**Task prompt:**
The copy should run from the line containing "T Tauri stars" through the last line of the entries below, exactly as written, with pictures omitted.
========================
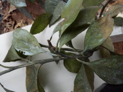 Уншиу Сильверхилл на трефе - минимум повреждений, листья без изменений, но есть морозобоины коры на тонких ветках
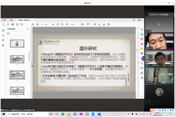 2020年11月27日晚7点,经济史“珞珈卿云”中青年论坛第1期在一楼一凤
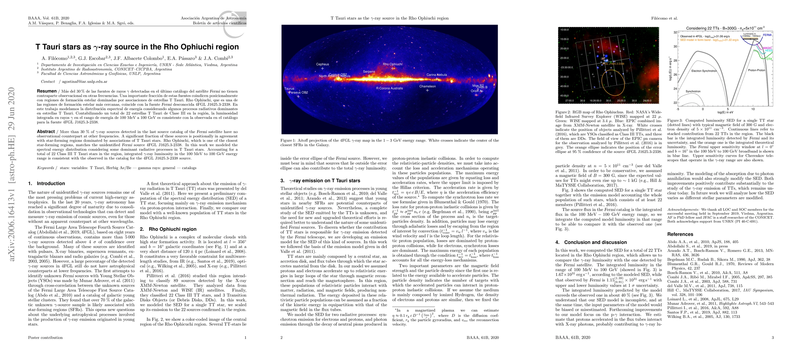 T Tauri stars in the Rho Ophiuchi region are proposed as a new source of gamma-ray emissions, with 22 Class III stars consistent with observed luminosity in the Fermi satellite catalog.
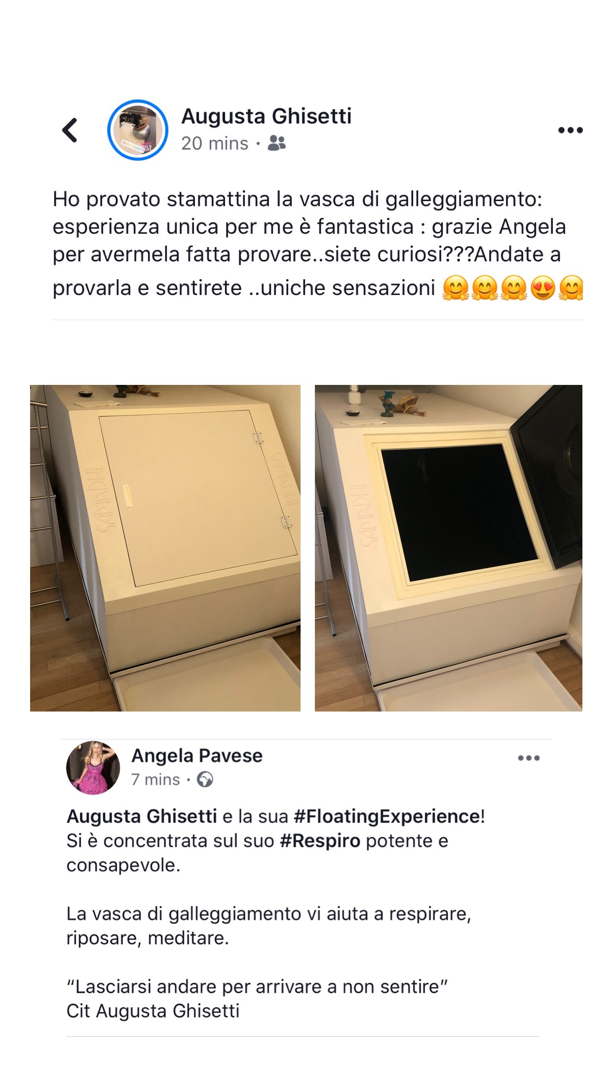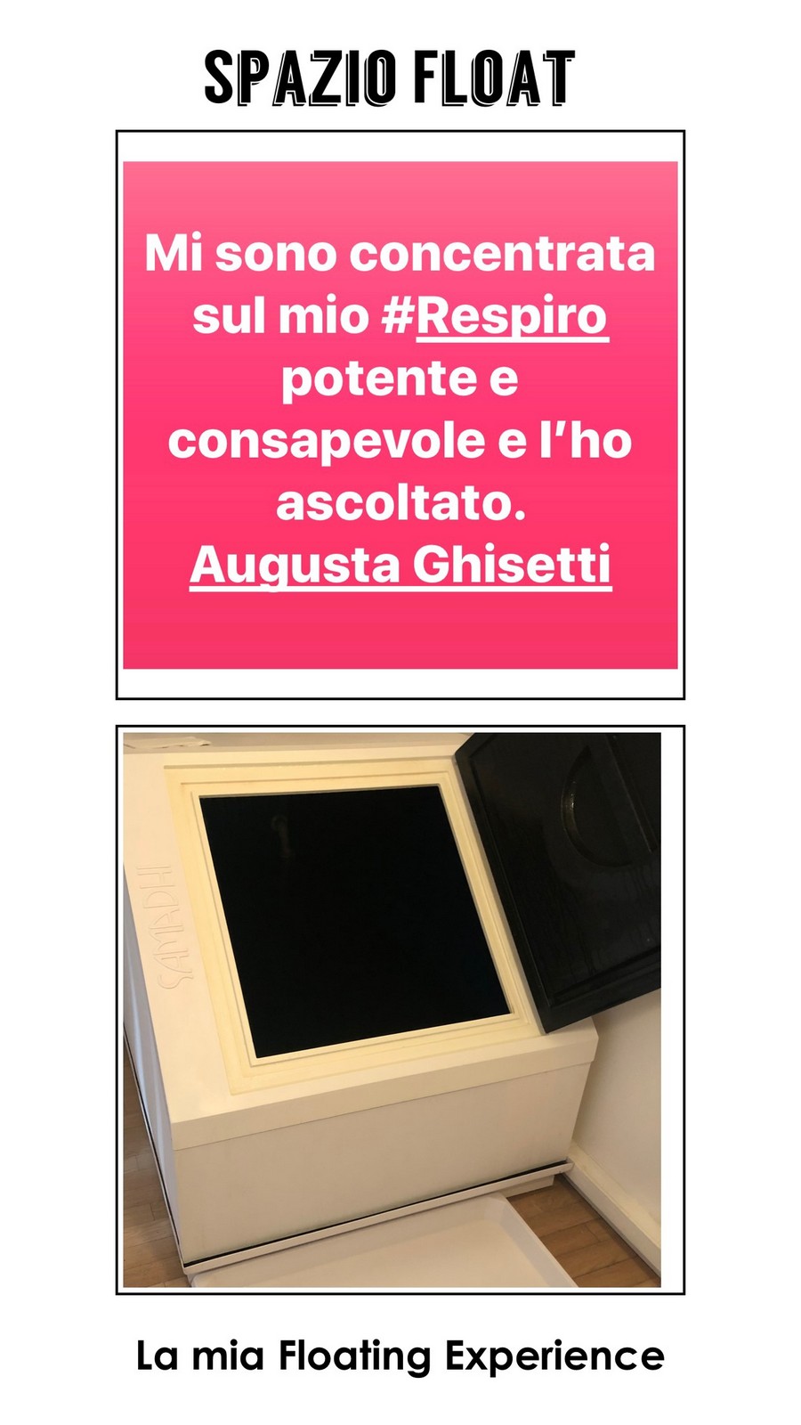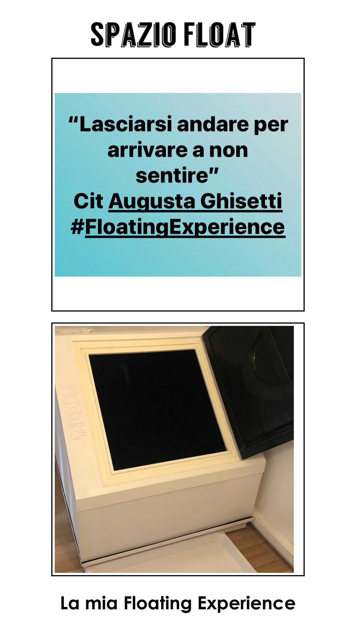 Ringrazio Augusta Ghisetti che ha raccontato sulla pagina Facebook di Spazio Float la sua Floating Experience.
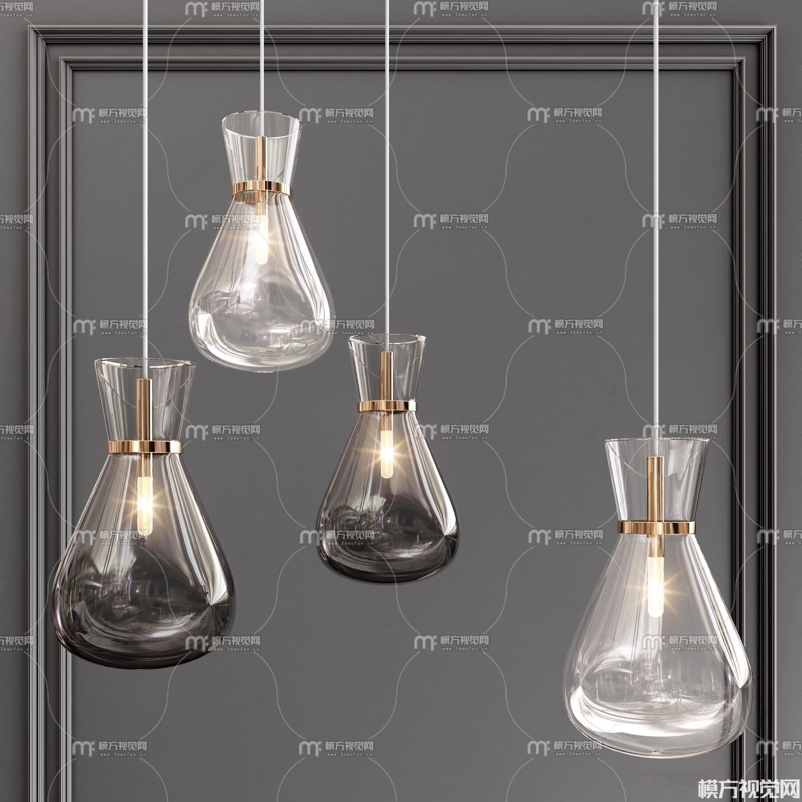 现代金属玻璃艺术吊灯3D模型(ID:0014495)
========================
**Solution to this exercise:**
 T Tauri stars in the Rho Ophiuchi region are proposed as a new source of gamma-ray emissions, with 22 Class III stars consistent with observed luminosity in the Fermi satellite catalog.
 Ringrazio Augusta Ghisetti che ha raccontato sulla pagina Facebook di Spazio Float la sua Floating Experience.
 现代金属玻璃艺术吊灯3D模型(ID:0014495)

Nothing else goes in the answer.